Two new studies from Rady Children’s Institute for Genomic Medicine (RCIGM) find that parents and doctors of critically ill infants view first line sequencing as beneficial, whether or not a definitive diagnosis is achieved. The studies were both part of the second Newborn Sequencing in Genomic Medicine and Public Health (NSIGHT2) study and were published in early November in The American Journal of Human Genetics.
This groundbreaking research into stakeholders’ experiences with sequencing in the NICU provides another justification for incorporating sequencing as standard care of critically ill infants with undiagnosed conditions. RCIGM is one of the world’s leading centers for rapid genomic sequencing of infants and children with serious undiagnosed diseases.
“(Thousands of) conditions can be diagnosed using sequencing,” says David Dimmock, M.D., senior medical director for RCIGM, lead author of one paper, and a contributing author on the other. However, there has been little research into how parents and clinicians of infants who have undergone sequencing view the process. The results, say the Rady researchers, were surprisingly positive.
The sequencing part of the study used the Illumina Novoseq 6000 and both whole-exome sequencing (WES) and whole-genome sequencing (WGS) were used. Results were confirmed using Sanger sequencing, chromosomal microarrays, or other methods, and were typically returned, on average, in 12 days. A total of 213 infants were enrolled, but those considered very ill were tested and excluded from the study.
“In the case of babies who received genomic sequencing, we surveyed their physicians and parents and found that both groups overwhelmingly felt that genetic testing was beneficial,” says Stephen Kingsmore, M.D., DSc, president & CEO of RCIGM. “When results are positive, sequencing reveals the genetic variation responsible for the child’s disease. But what astounded us was the high proportion of both doctors and parents who perceived that this testing had life-changing utility, even in cases when results were negative for genetic disease.”
All of the cases for these two studies were from Rady’s own ICU, although the NSIGHT project encompasses other sites as well. This study included 201 infants who received rapid genomic sequencing. The physicians found genomic sequencing medically useful 93% (42 of 45 cases) of the time when the test was positive—or helped to make a diagnosis. When the test was negative, sequencing was also deemed useful 72% (112 of 156) of the time. According to the physicians, rapid genomic sequencing improved outcomes for 32 infants in the study. Changes in the patient’s management were more likely when test results were returned rapidly.
Parents also had an overwhelmingly positive view of genomic testing in the ICU setting. Of 161 parents whose children received sequencing, 97% reported that the testing was useful. Only two parents reported that testing increased their stress or confusion. Overall, in 81% of the cases, families and their clinicians agreed that genomic test results were useful. Besides seeing the testing as beneficial, parents were mostly satisfied with the process. The authors of the paper on parents’ responses wrote, “Most parents in this study perceived being adequately informed to consent, understood their child’s results, and denied regret or harm from undergoing sequencing.”
As part of the study, “Findings that explained the hospitalization were always returned,” notes Dimmock, “and actionable off-target findings were also returned if requested.”
Not surprisingly, positive results were viewed as more useful and beneficial than negative results. But families who did not get positive results were eligible for follow-up that might include additional sequencing if warranted.
“These studies clearly show that genomic sequencing can be done safely in the NICU, leading to improved communication between families and their healthcare teams,” says Dimmock. “These results underscore the importance of rapid test results in changing care.”

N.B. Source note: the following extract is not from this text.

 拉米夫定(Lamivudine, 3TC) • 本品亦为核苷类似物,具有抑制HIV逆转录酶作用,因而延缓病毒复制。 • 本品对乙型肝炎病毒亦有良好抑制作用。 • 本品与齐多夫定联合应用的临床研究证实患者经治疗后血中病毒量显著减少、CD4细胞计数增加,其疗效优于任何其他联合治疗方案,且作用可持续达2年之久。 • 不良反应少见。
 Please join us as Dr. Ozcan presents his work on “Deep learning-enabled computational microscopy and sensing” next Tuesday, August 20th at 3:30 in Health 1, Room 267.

The patients’ clinicians, typically a neonatologist or pediatric intensivist, were the ones who reported test results to the parents. Dimmock noted that at the start of the study, some physicians who were not specialists in genetics reported anxiety about whether they would be able to do this. This concern was later discussed with many of the other sites in the overall study as well.

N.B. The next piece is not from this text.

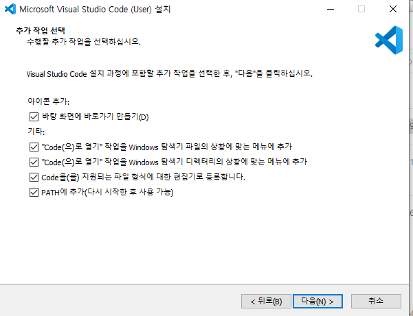 실행 하고 난후엔 필요한 설치 옵션만 확인하면 된다.
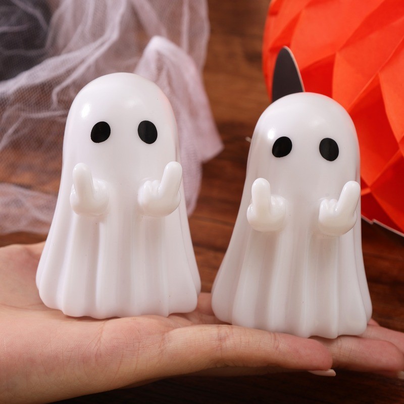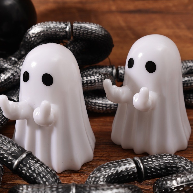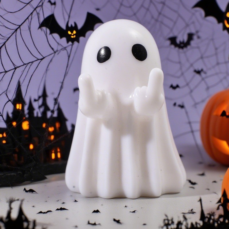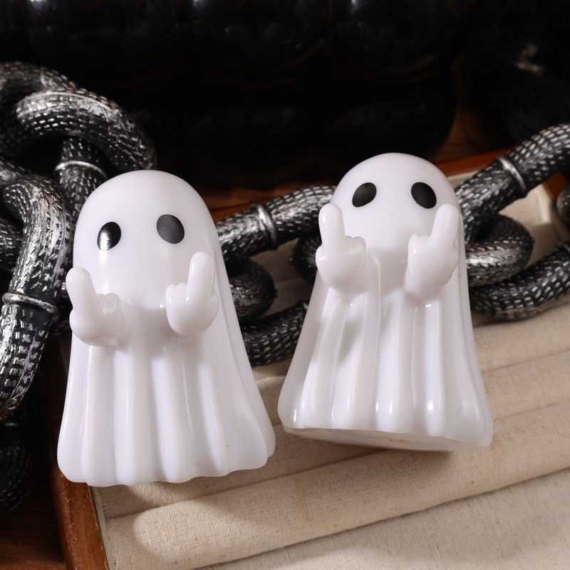 MP 4Pcs Halloween Middle Finger Ghost Ornaments - Resin Process Sculpture - Mini White Ghost Statue - Small Scary Ghost

Rady has been pioneering the use of rapid diagnostic sequencing in pediatric ICU’s. In a pilot study funded by the State of California, their team demonstrated that a rapid sequencing of critically ill babies enrolled in Medi-Cal produced better health outcomes and reduced suffering for the infants while decreasing the cost of their care. The study, named Project Baby Bear, helped doctors identify the exact cause of rare, genetic diseases in an average of three days, instead of the four to six weeks required for standard genetic testing.
The hospital has also published research in Genomic Medicine (2018) showing that whole-genome sequencing and whole-exome sequencing of children with suspected genetic diseases are more useful for establishing a diagnosis than chromosomal microarrays (CMAs), which are the traditional testing method for such cases.

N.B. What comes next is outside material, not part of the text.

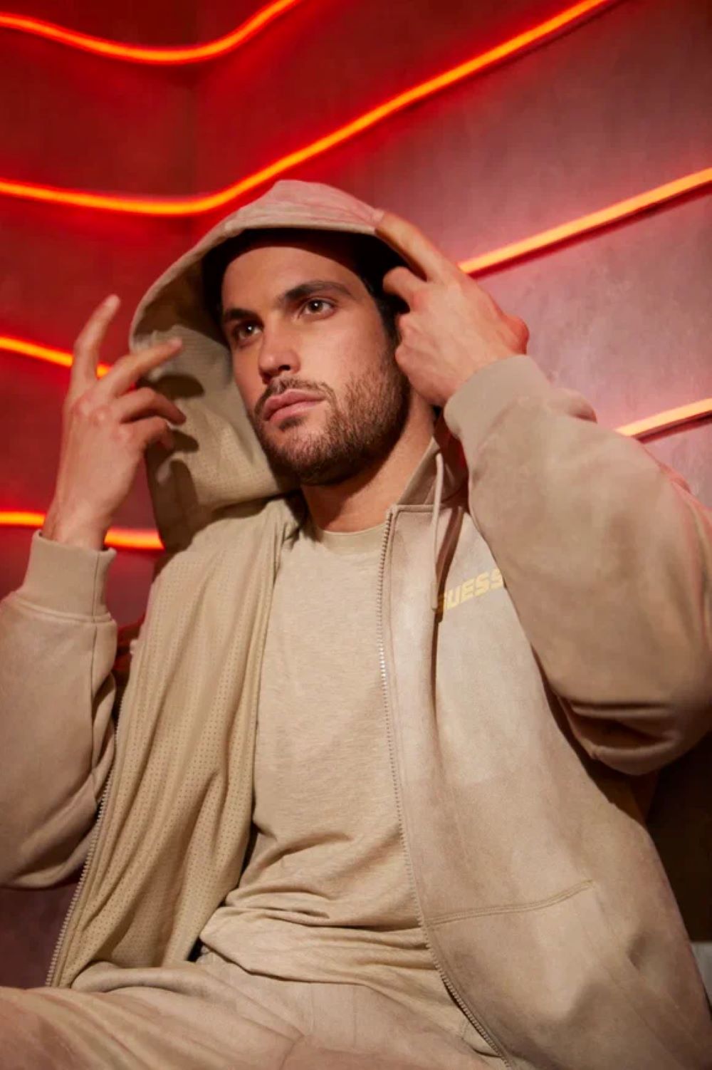 Kapitone ve krinkle kumaşlardan oluşan, süet ve sprey efektli bitişlere sahip bu genç ve çağdaş koleksiyon, yenilikçi bir tarz sunuyor. Sprey efekti tasarımıyla tişörtler, kapüşonlular, sweatshirt'ler, eşofman altlarının paçaları, omuzları, bacakları, yenilikçi grafikler ve sprey boya vurgularıyla sokak tarzını yansıtıyor. Sezondaki kargo tarzı cepler, dikkat çekici renk kombinasyonları, özel GUESS logoları ve grafikleri ile atletik giyime çağdaş bir dokunuş katıyor. GUESS Activewear 2024 Sonbahar & Kış koleksiyonunda, şık kapüşonlular, bomber ceketler, kargo tarzı eşofmanlar ve eskitme tişörtler, ton sür ton ve kontrast marka logolarıyla sokak tarzına tasarım şıklığı katıyor. Klasik çift taraflı tişörtler, rahat kapüşonlular, şık eşofman altları ve bol kalıp şişme ceketler dikkat çekiyor. Koleksiyonun bir diğer serisinde yer alan içten gömlekli shell ceketler ve kapitone trençkotlar, şık ve atletik kıyafetlerle farklı bir stil oluşturuyor. Suede Scuba ve Crinkle Nylon koşu takımları ise, keskin dokuları, çağdaş stilleriyle spor giyimin temel parçalarına yeni bir soluk getiriyor.

Other stakeholders seem to be watching the progress of program’s like Rady’s as well. In March of this year, Blue Shield of California became the first health plan in the United States to cover rapid and ultra-rapid Whole Genome Sequencing for critically ill babies and children in intensive care with unexplained medical conditions.
The biggest barriers to this type of testing becoming widespread, Dimmock adds, is getting institutional approval for the procedure and reimbursement. The Rady researchers will be looking at their data further with respect to costs to help address that latter challenge.